Palestine: Peace Not Apartheid – Jimmy Carter.  June book club selection.  President Carter’s version of the history of the Israeli-Palestine conflict.  Not widely regarded as completely accurate, disturbing nonetheless.

The Lemon Tree: An Arab, a Jew, and the Heart of the Middle East – Sandy Tolan.  Fascinating story about two families and one house in Israel/Palestine.  Recommended by a friend at work in Tel Aviv.

Inevitable Illusions: How Mistakes of Reason Rule Our Minds – Massimo Piattelli-Palmarini.  Survey of many of the ways we fool ourselves.  Other than some confusing editing in one section, a very interesting look at cognitive science’s understanding of our mental blind spots.

Mistakes Were Made (But Not by Me): Why We Justify Foolish Beliefs, Bad Decisions, and Hurtful Acts – Carol Tavris and Elliot Aronson.   Mostly about confirmation bias, covering the gamut of ways we fool ourselves through self-justification.

Three Cups of Tea: One Man’s Mission to Promote Peace . . . One School at a Time – Greg Mortensen and David Oliver Relin. July book club selection.  Poorly written, but very inspirational example of the power of a single human.

Why Evolution Is True – Jerry A. Coyne.  Lucid overview of evolution and natural selection, with very clear explanations of all the types of evidence for both.  Minimal (compared to Prothero) but strong criticisms of creationism.

Consciousness: A Very Short Introduction – Susan Blackmore.  My re-entry into trying to understand consciousness, again.  Accurately sub-titled, good overview with an intriguing nod to Buddhist meditation as a means of understanding.

Sweet Dreams: Philosophical Obstacles to a Science of Consciousness – Daniel C. Dennett.  Analysis of the main philosophical distractions keeping us from moving forward toward understanding consciousness.

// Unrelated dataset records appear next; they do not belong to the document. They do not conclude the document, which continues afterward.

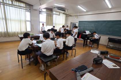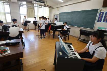 1年生と同じ5時間目に6年生が合奏の練習をしていました。6年生も1年生の時は、たどたどしく鍵盤を弾いていましたが、いまでは、それぞれ違う楽器に挑戦するまでになりました。「木星」を練習していました。
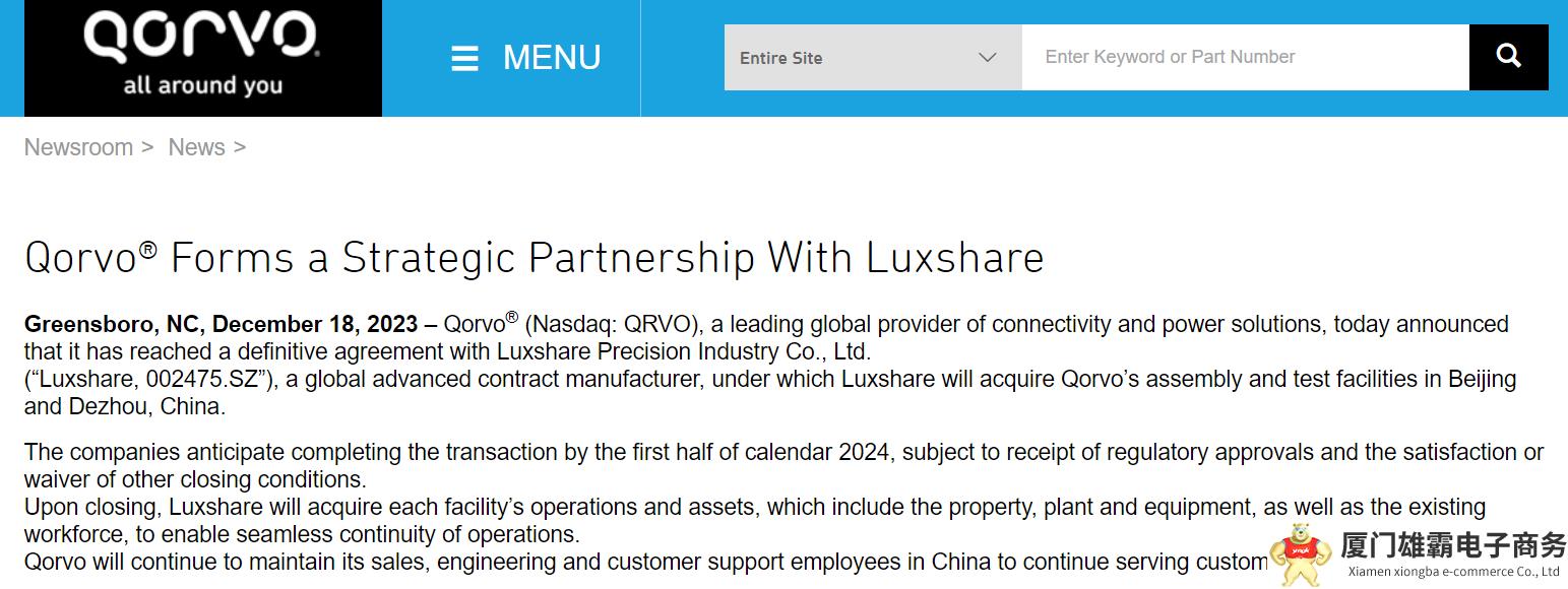 12月19日,美国射频巨头Qorvo宣布已售出中国北京和山东德州区域两所制造工厂的业务和资产,包括房产、厂房和设备以及现有员工,收购方为著名设备制造商立讯精密。
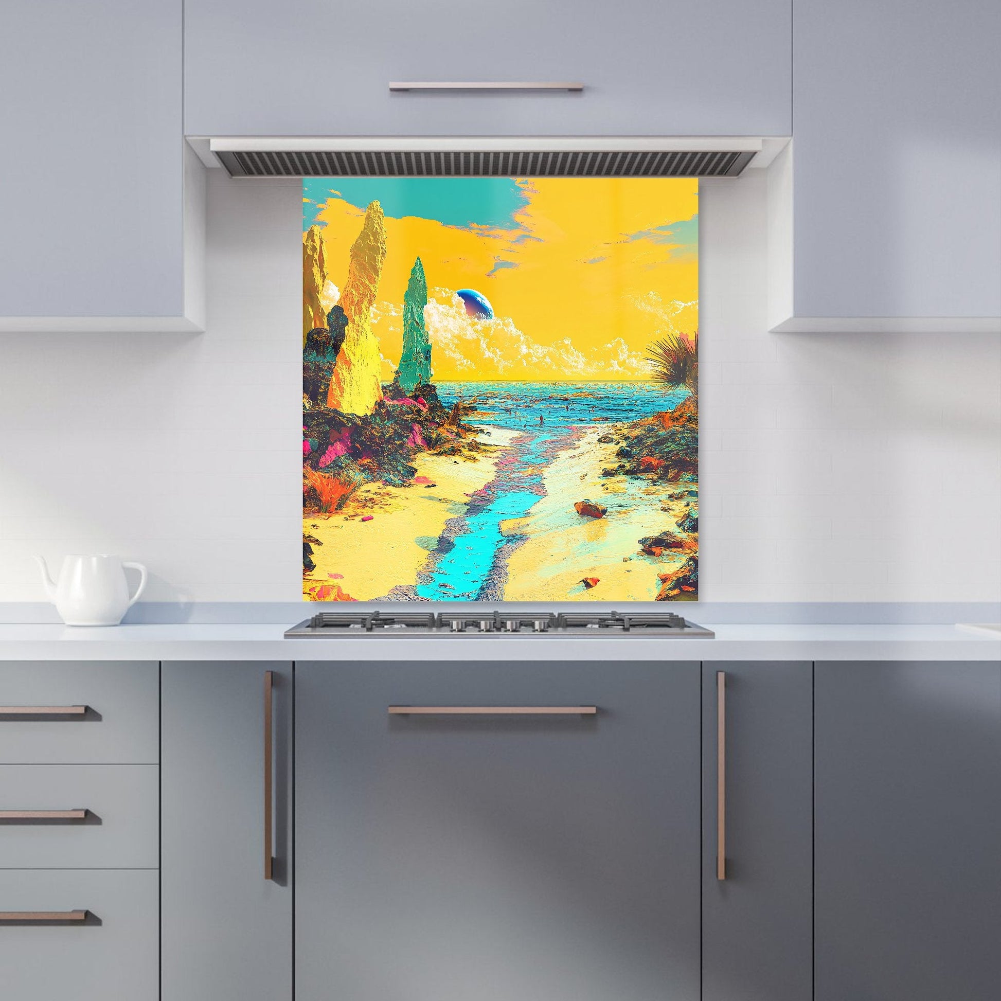 Enhance your kitchen with the captivating design of an Elena Sable glass splashback. Each piece features Elena's digital surrealist art, showcasing vivid, dreamlike imagery and otherworldly scenes that blend reality with the subconscious. Her hyper-realistic yet fantastical landscapes are brought to life in vibrant purples, blues, and neon pinks.
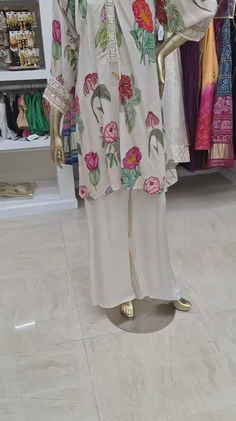 Step into effortless freshness with this ivory floral kurti set — blooming with colorful hand-painted vibes and breezy elegance. A perfect pick for daytime strolls, brunches, or garden parties!
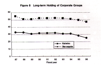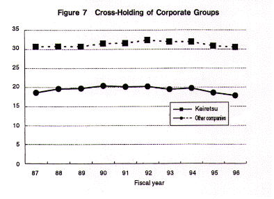 In fiscal 1996, the average stock cross-holding ratio of the six groups fell 0.34 percent but still remained at a high level of 30.55 percent (the non-keiretsu average is 17.83 percent). In addition, the cross-holding ratio within the corporate groups was 11.59 percent. The long-term holding ratio of 47.47 percent was much higher than the 25.31 percent among non-keiretsu companies.
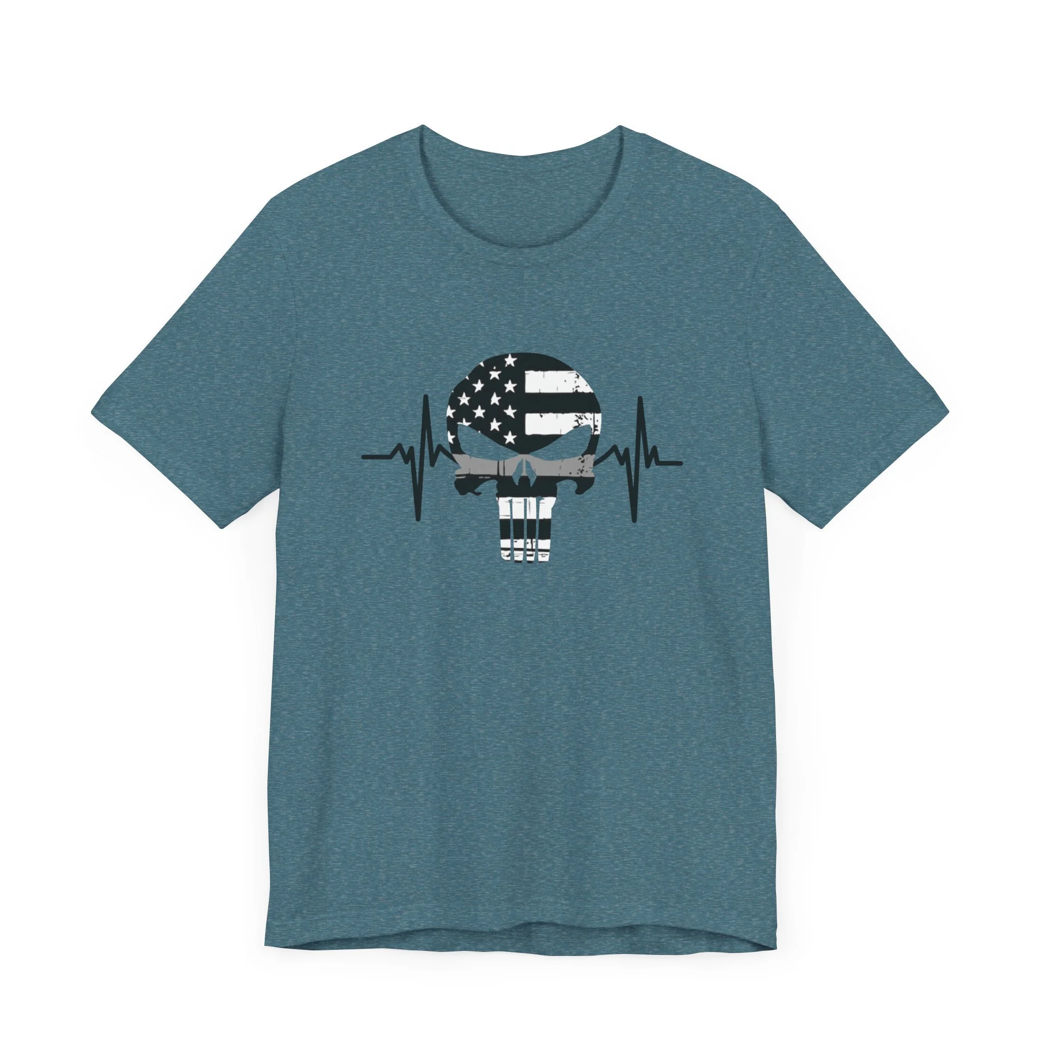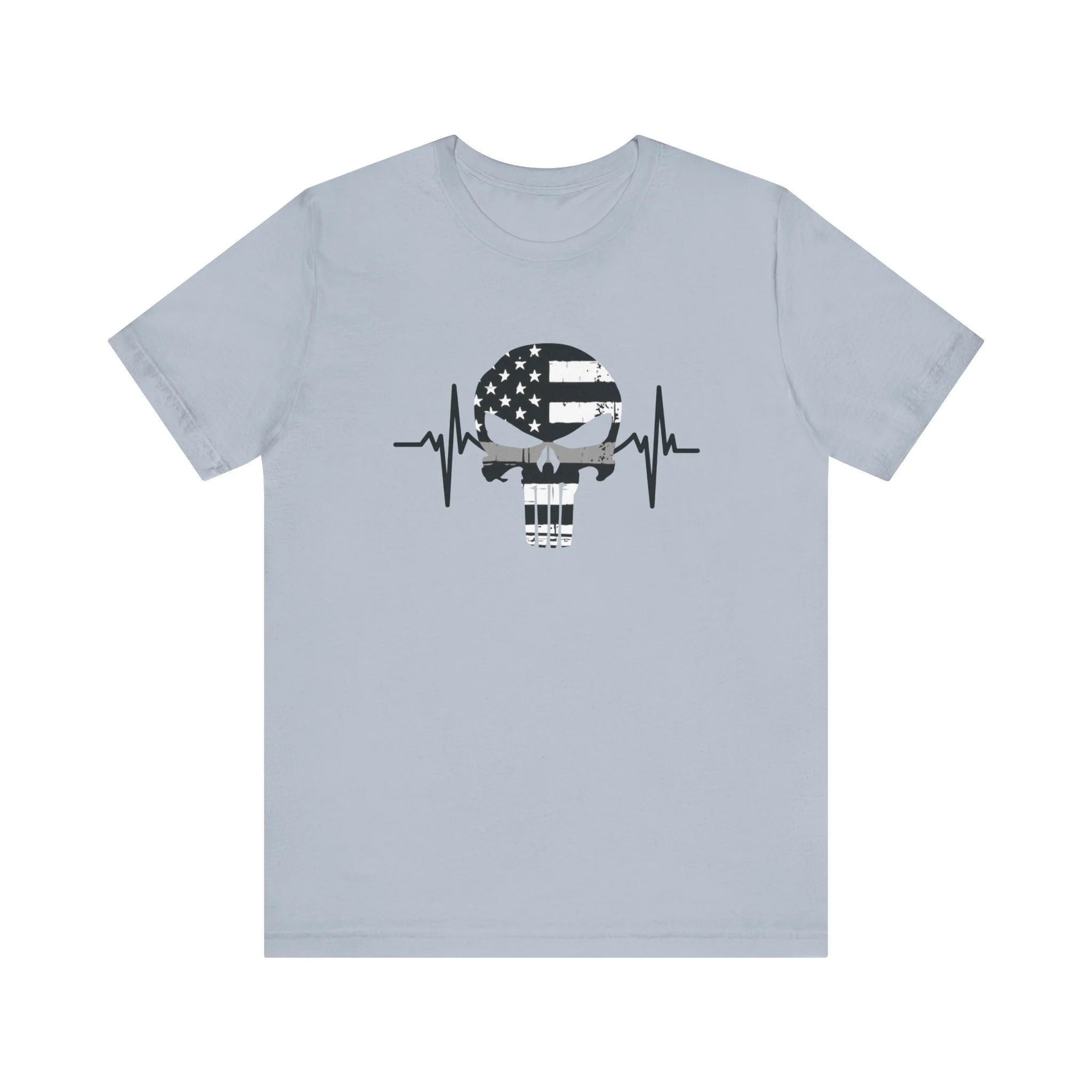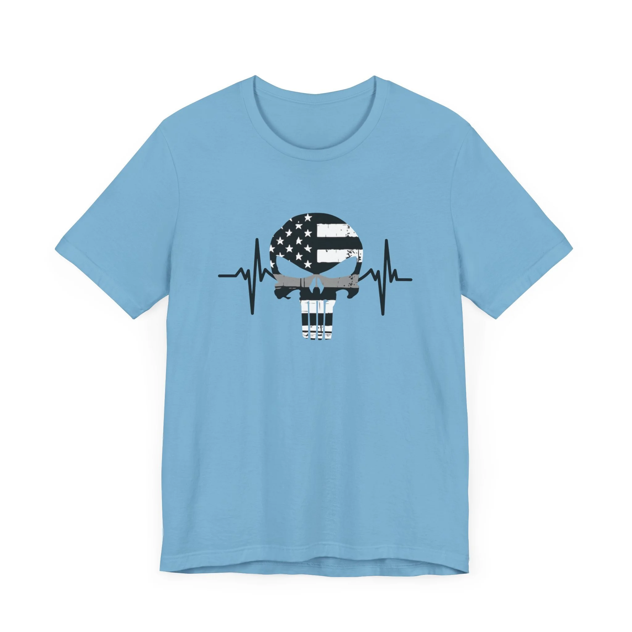 Thin Silver Line Skull Heartbeat T-Shirt – Punisher-Style Corrections Officer Tee
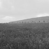 - Panoramic view of a field and row of trees at the bottom of canyon.
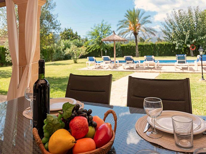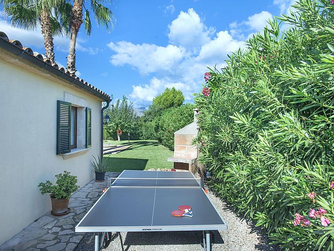 Unquestionably the most captivating part of this home is the beautifully nurtured garden, fringed by hedges and colourful shrubbery and overlooked by a wooden beamed terrace with ample space for al fresco dining, it affords stunning mountain views of the Sierra Tramontana encompassing this rural setting. Grass surrounds the larger-than-norm pool which will surely tempt those looking for respite from the midday heat. To appease those who may find lazy days and chilled out evenings a little tedious, a fun game of mini football or a table tennis tournament after lunch are a couple of distractions on hand.
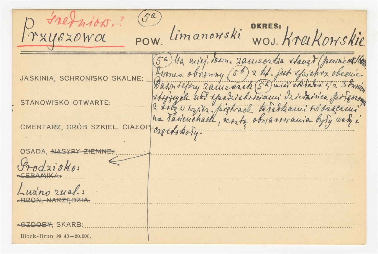 Karta stanowiska "Przyszowa pow. limanowski woj. Krakowskie" (druk rękopis) - strona 1
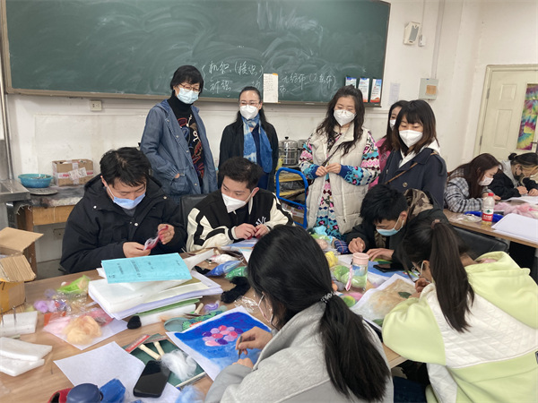 最后,老师们观摹了温晓晖老师的羊毛擀毡课程,并与温老师和正在上课的同学们进行了讨论与交流,进一步深入了解了我们的专业优势、特色及教学方式,并计划来我校就羊毛擀毡、扎染等课程进修学习。
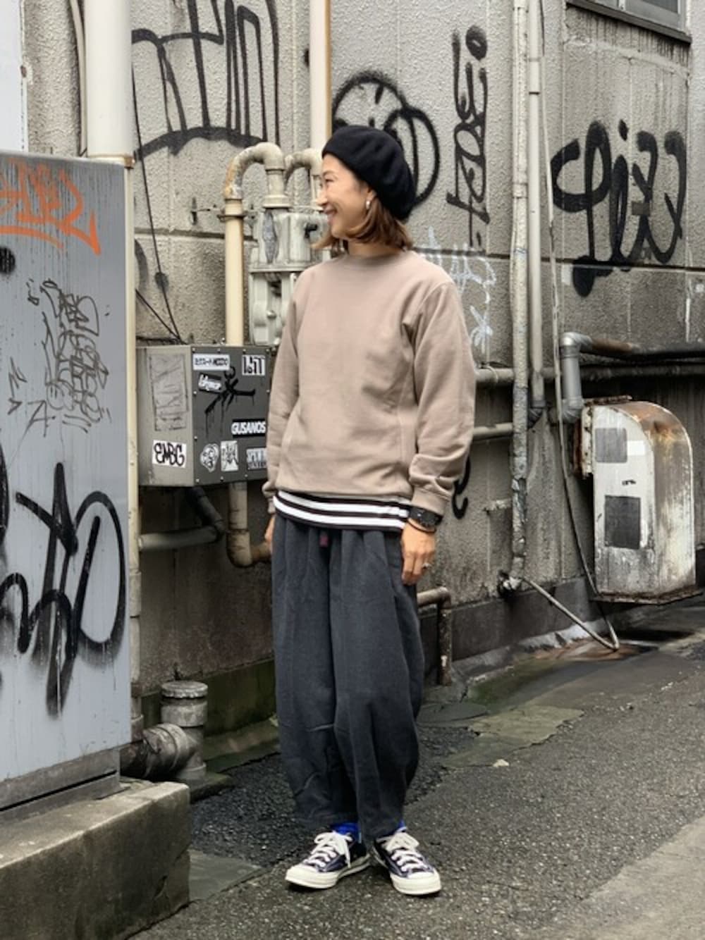 manastashのスウェットでcoordinate!!! 柔らかい色を選んで、女性がきる可愛いメンズライクに^_^

Day of Empire: How Hyperpowers Rise to Global Dominance–and Why They Fall – Amy Chua.  Given, via her thesis, that tolerance supported the rise of all hyperpowers and intolerance contributed to their declines, Chua analyzes how this applies to the USA now.  Nice historical review of the power and place of previous hyperpowers too.

Infidel – Ayaan Hirsi Ali.   Amazing story of her journey, and disturbing insight into civil war in Somalia and the manifestations of Islam in eastern Africa.

Statecraft: And How to Restore America’s Standing in the World – Dennis Ross.   August book club selection.  Good review of recent examples of good and bad statecraft, prescriptive lists for successful negotiating and mediating, and analysis of what USA needs to do next in regards to foreign policy actions.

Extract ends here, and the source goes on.